Lines before the one containing "Brandbord met tekst" are not wanted. Transcribe that line and all after it exactly, to the end of the entries.

[Extracted records]
━━━━━━

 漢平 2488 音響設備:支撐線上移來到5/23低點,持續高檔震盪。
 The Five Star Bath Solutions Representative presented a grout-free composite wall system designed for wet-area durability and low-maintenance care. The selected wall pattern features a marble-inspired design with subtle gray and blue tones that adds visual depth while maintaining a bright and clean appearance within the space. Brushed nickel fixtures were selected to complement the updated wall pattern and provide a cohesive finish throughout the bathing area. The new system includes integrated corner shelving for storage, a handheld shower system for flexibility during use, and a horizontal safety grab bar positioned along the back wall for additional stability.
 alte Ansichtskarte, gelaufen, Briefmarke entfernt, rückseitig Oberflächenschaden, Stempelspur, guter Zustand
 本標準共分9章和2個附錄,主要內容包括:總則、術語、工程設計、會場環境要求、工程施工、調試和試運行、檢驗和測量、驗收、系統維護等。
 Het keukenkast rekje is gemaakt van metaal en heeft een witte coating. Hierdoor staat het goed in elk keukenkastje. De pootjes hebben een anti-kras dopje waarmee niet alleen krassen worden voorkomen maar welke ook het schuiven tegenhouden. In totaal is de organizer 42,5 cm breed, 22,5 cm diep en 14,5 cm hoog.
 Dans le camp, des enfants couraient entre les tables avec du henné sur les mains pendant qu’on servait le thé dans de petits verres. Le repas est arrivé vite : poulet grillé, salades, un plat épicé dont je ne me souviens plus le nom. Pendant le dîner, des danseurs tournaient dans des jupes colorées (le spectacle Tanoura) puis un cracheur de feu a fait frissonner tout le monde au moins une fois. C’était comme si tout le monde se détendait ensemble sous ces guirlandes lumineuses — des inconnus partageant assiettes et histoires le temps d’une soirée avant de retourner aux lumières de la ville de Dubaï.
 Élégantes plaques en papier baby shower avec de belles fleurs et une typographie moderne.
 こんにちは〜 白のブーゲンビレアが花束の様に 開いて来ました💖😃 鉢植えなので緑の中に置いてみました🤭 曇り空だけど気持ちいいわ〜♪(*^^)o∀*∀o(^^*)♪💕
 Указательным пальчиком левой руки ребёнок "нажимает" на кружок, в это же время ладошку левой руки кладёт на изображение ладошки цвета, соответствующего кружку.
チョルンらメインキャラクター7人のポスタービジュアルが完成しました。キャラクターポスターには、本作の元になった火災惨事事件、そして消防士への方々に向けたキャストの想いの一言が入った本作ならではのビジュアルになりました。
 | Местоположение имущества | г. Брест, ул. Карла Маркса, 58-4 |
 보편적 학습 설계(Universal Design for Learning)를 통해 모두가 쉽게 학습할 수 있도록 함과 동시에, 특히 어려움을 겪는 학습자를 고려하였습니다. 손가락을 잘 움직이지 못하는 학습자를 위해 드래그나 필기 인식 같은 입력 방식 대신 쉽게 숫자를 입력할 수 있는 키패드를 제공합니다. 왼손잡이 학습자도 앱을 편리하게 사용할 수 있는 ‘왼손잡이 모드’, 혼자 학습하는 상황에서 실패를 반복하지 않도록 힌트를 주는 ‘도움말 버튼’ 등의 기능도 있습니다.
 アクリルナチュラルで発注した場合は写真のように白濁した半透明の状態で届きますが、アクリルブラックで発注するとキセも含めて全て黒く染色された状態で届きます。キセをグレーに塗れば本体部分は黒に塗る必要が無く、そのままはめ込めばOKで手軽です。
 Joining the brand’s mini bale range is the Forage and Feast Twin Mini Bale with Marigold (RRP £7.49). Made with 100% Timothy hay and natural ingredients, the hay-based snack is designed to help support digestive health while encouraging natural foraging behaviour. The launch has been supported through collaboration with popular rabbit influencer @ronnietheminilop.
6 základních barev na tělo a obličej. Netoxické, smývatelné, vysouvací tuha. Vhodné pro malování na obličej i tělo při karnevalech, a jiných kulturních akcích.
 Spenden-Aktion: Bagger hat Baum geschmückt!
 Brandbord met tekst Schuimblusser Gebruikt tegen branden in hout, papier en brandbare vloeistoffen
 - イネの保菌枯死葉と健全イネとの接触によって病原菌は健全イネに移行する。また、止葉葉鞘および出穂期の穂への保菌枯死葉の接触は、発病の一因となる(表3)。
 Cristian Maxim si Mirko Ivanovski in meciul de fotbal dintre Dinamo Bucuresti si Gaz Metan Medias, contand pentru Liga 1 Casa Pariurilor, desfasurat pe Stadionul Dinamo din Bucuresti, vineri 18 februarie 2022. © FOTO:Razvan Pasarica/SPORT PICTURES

━━━━━━

(WRITTEN ANSWER)
 Brandbord met tekst Schuimblusser Gebruikt tegen branden in hout, papier en brandbare vloeistoffen
 - イネの保菌枯死葉と健全イネとの接触によって病原菌は健全イネに移行する。また、止葉葉鞘および出穂期の穂への保菌枯死葉の接触は、発病の一因となる(表3)。
 Cristian Maxim si Mirko Ivanovski in meciul de fotbal dintre Dinamo Bucuresti si Gaz Metan Medias, contand pentru Liga 1 Casa Pariurilor, desfasurat pe Stadionul Dinamo din Bucuresti, vineri 18 februarie 2022. © FOTO:Razvan Pasarica/SPORT PICTURES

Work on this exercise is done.